Magnus Hirschfeld, pionnier des droits LGBTQIA+

Magnus Hirschfeld, pionnier des droits LGBTQIA+

Dans le cadre des 17e rencontres cinématographiques In&Out, festival de cinéma queer, qui a eu lieu du 17 au 28 avril dernier, Les Ouvreurs ont rendu un hommage au sexologue Magnus Hirschfeld, premier militant pour les droits des personnes LGBTQIA+, mort à Nice il y a 90 ans. Plusieurs commémorations lui ont été rendues en ce mois de mai et nous souhaitions revenir sur son parcours emblématique.

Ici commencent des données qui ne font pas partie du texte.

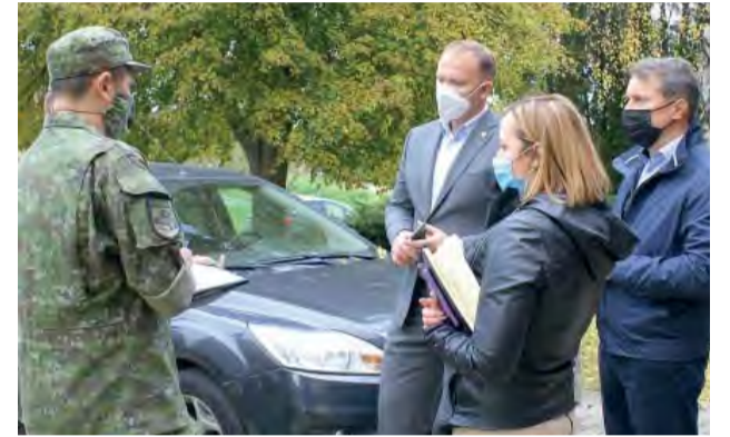
Vedenie mesta v spolupráci s armádou počas prípravy priestorov na testovanie.

Ani Novú Dubnicu neminuli dve kolá plošného testovania na ochorenie COVID19. Prebiehalo počas víkendov.
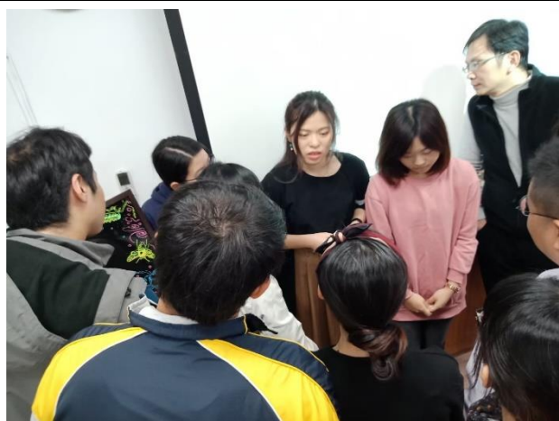
◆講師說明個案特質以利情境模擬練習。
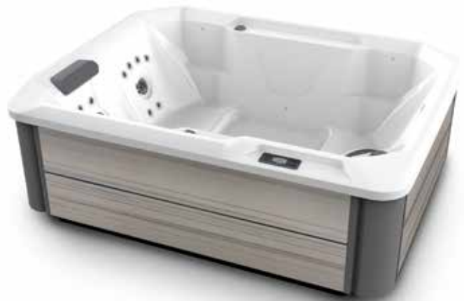
Stride con casco Alpine White y gabinete Almond
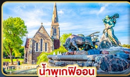
น้ำพุเทพีออน
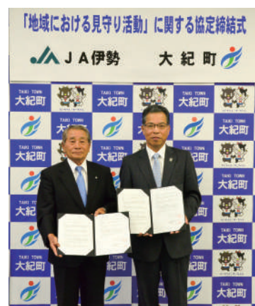
谷口町長と西村常務理事
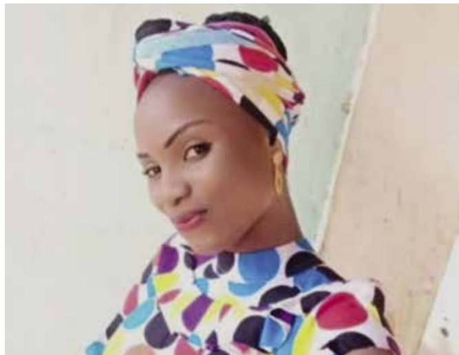
Les assassins de Deborah Samuel n'ont toujours pas été arrêtés.
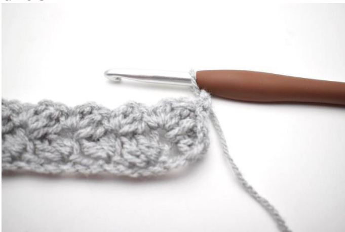
21. Lavora questo giro come il giro 2. Gira con 2 cat.
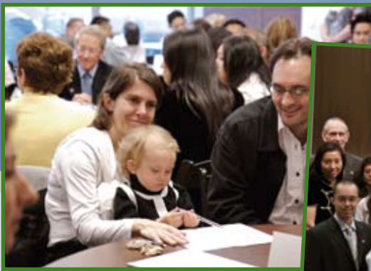
MaRS Discovery District
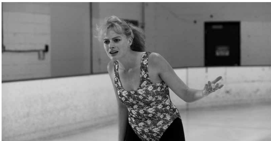
Nicht gerade eine Eiskunstlauf-Prinzessin – Tonya Harding geht es um den Sport, nicht um die Outfits.
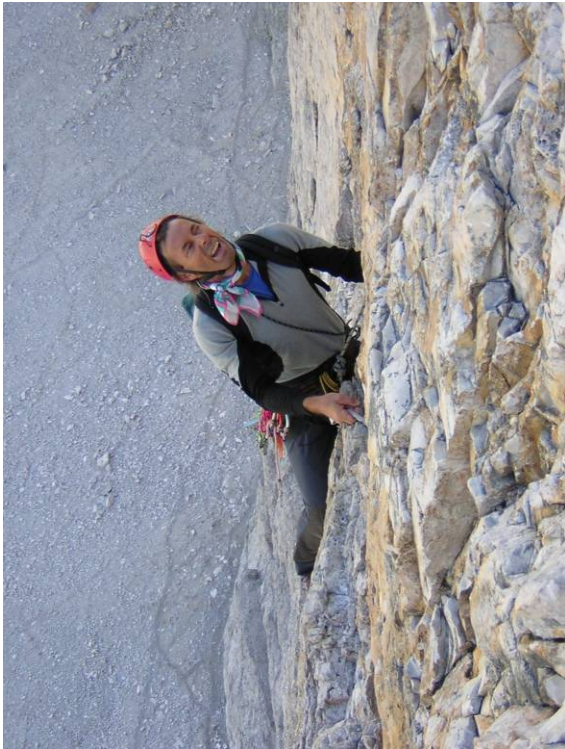
E' dritta, è dritta!
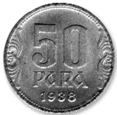
50 ПАРА, бакар, 1938. кат. бр. 66
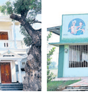
కోరింలో చెన్నాడి కుటుంబం వితరణ చేసిన స్థలంలో నిర్మించిన రైతు వేదిక

Évoquer la mémoire de Magnus Hirschfeld, pionnier de la défense des homosexuel.les, c’est plonger au cœur d’une bouillonnante époque qui a façonné les premières réflexions collectives sur les droits des personnes LGBTQIA+. C’était le temps oublié des « Uraniens » et du « Troisième sexe » créé par le juriste Karl Heinrich Ulrichs dans ses brochures L’Énigme de l’amour entre les hommes, publiées entre 1864 et 1865, avant que le néologisme « homosexuel » de l’écrivain hongrois Karl-Maria Kertbeny ne s’impose en 1869, en raison de sa connotation plus scientifique. Le temps du procès d’Oscar Wilde, condamné pour « grave immoralité » à deux ans de travaux forcés en 1895, dont les échos ont résonné bien au-delà des frontières de la Grande-Bretagne. Le temps des « Invertis », membre de la « race des tantes » peuplant les phrases à rallonge de la Recherche du temps perdu de Marcel Proust ou des « pédérastes » préférés par André Gide dans Corydon, son plaidoyer pour l’homosexualité.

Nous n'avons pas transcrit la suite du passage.